A bit later I walk back in my front door, much more calm than when I had gone out of it. I walk slowly into the bathroom and look at the mirror, the steam has cleared from the room and the word is gone. I go closer and inspect it, but there is no sign left of the writing. And I can't feel him here either, it's like a pleasant scent that has now dissipated. I turn and call out to the empty house- "I'm sorry. You just startled me." I get no answer, not surprisingly. I sigh and walk into the bedroom, remove my jeans and shirt, getting ready for bed. I start to think about those dark eyes and those full lips, and I run my hands over my breasts and down my belly. "Please don't leave," I whisper.

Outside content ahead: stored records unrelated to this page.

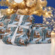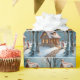 A whimsical gingerbread house is nestled in a snowy forest, illuminated warmly from within, as a snowman waits on a stone pathway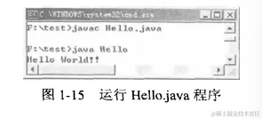 然后再D盘跟目录下执行java Hello命令,如图1-16所示。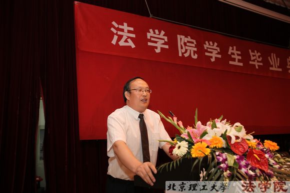 毕业典礼上,教师代表郭德忠老师以“物质化时代的法律人”为题发言,希望毕业生“堂堂正正做人,踏踏实实做事”,并祝贺毕业生圆满完成学业;优秀校友代表96级毕业生、现任 百泰酒业副总裁刘巍发言,表达了对母校的深深怀念和对学弟学妹们的真挚祝福;本科毕业生代表舒歆同学发言,表达了全体毕业生对学校领导和老师的感激之情和崇高敬意;研究生毕业生代表姜琨琨发言,表达了对母校的留恋和对同窗未来的祝愿,并带领全体毕业生宣誓,“传承谦虚谨慎、自强不息的理工传统;发扬团结勤奋、求实创新的理工精神;志存高远,锐意创新;勤勉做事,谦虚为人。用才华和智慧肩负起民族复兴的使命;用青春和热血承担起国家富强的责任。”的豪言壮语在报告厅中回响。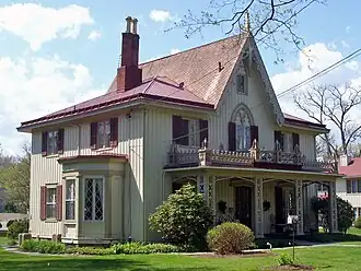 The village was incorporated in 1834. Ten years later, Alexander Jackson Davis built the Henry Delamater House at 44 Montgomery Street. It still stands today, one of the best examples of the early use of the Gothic Revival style in American residential architecture.[11]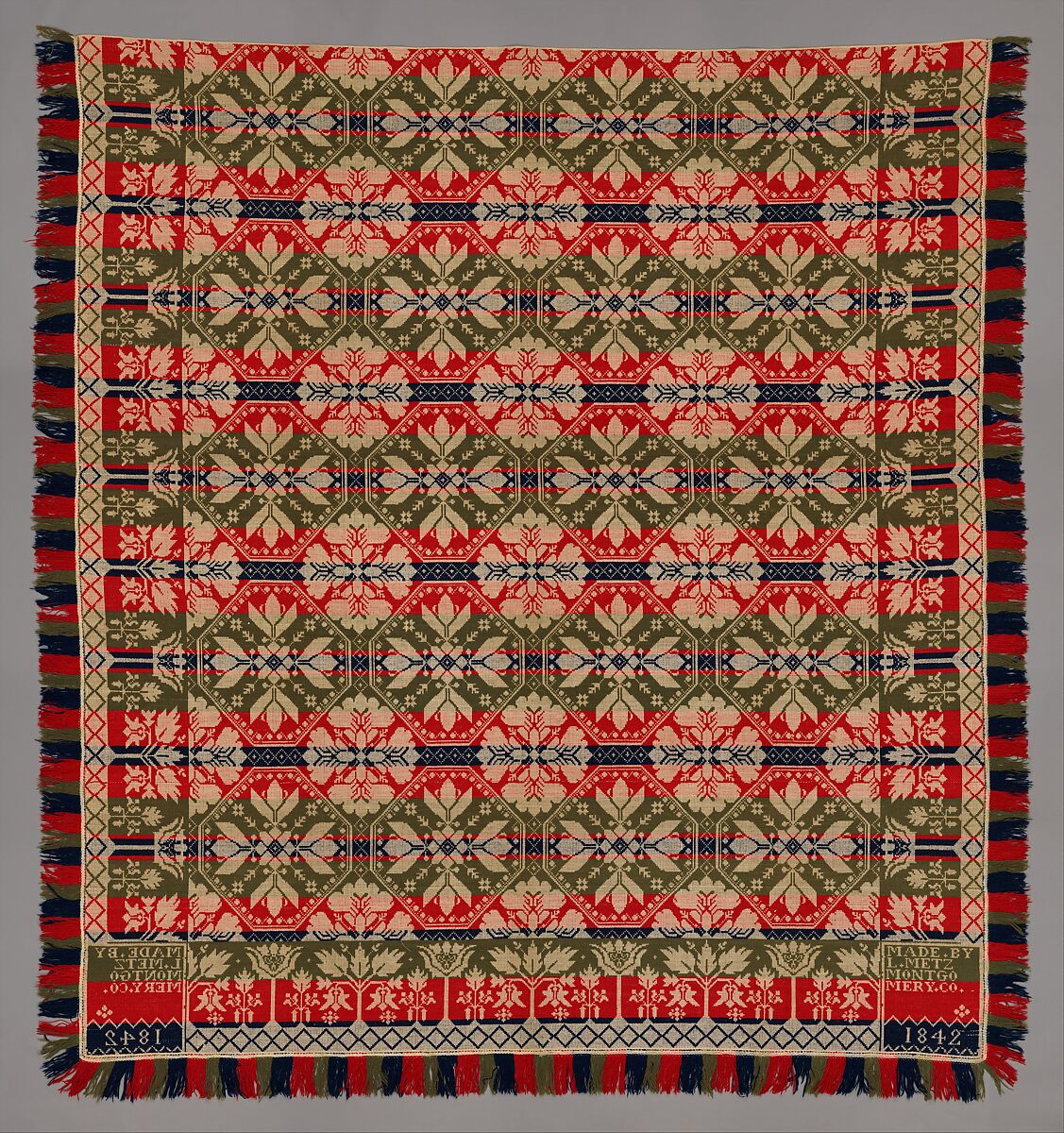 This coverlet was woven in a single wide panel on a handloom with a Jacquard attachment. Its central pattern is of alternating foliate medallions, and the border shows alternating tulips and bellflowers. Two corner blocks at the lower edge bear the woven inscription: MADE. BY/ L. METZ/ MONTGO/MERY. CO./1842. Leonard Metz was a third generation Mennonite weaver, who worked in the 1830s and 40s in Pennsylvania. In 1832 he advertised in a local newspaper that he had secured the patent rights for a way to weave "figured cloth such as coverlets, table linens, carpets, &c. in a manner superior to any heretofore manufactured in the U. States, having purchased the right for the district of the city and county of Philadelphia, and the counties of Bucks, Montgomery, Lehigh, Berks, Chester and Delaware… He is now enabled to weave almost any pattern which may be requested." (Norristown Herald, April 23, 1832). The advertisement goes on to further explain the breadth of his business and abilities. Strangely enough, although Metz held his new patent as of 1832, and had a wide territory in which he could claim exclusive rights for it, only a few other coverlets made by him are known today.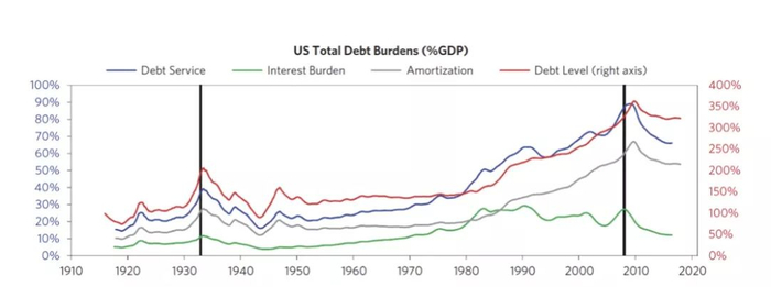 下面这张图是美国1910年以来的债务和债务上限。你会发现利息支付很平稳,而债务不断向上。所以债务成本的上升幅度没有债务上升的幅度那么大。这是因为美联储不断降低利率水平,维持债务融资的持续扩张,直到有一天他们什么都不能做了(利率降低到0)。当这一天来临时,去杠杆就开始了。

Then I feel a touch in the middle of my back, causing my skin to break out all over in gooseflesh. It feels almost intangible at first, like a gust of a soft breeze, and my heart starts to pound. It slowly grows more solid, and warm, and it becomes a man's touch, large but gentle hands caressing me. Then I feel a body pressed against my back, I can feel the soft velvet and rough lace on my bare skin, and then lips on my neck, hot and moist, very real. Then a deep voice, whispering in my ear- his breath tickles me- "I'm sorry too," and his hands come around to hold my breasts. I close my eyes and sigh again, my own heat rising as I reach behind me and tangle my fingers in the soft, thick hair.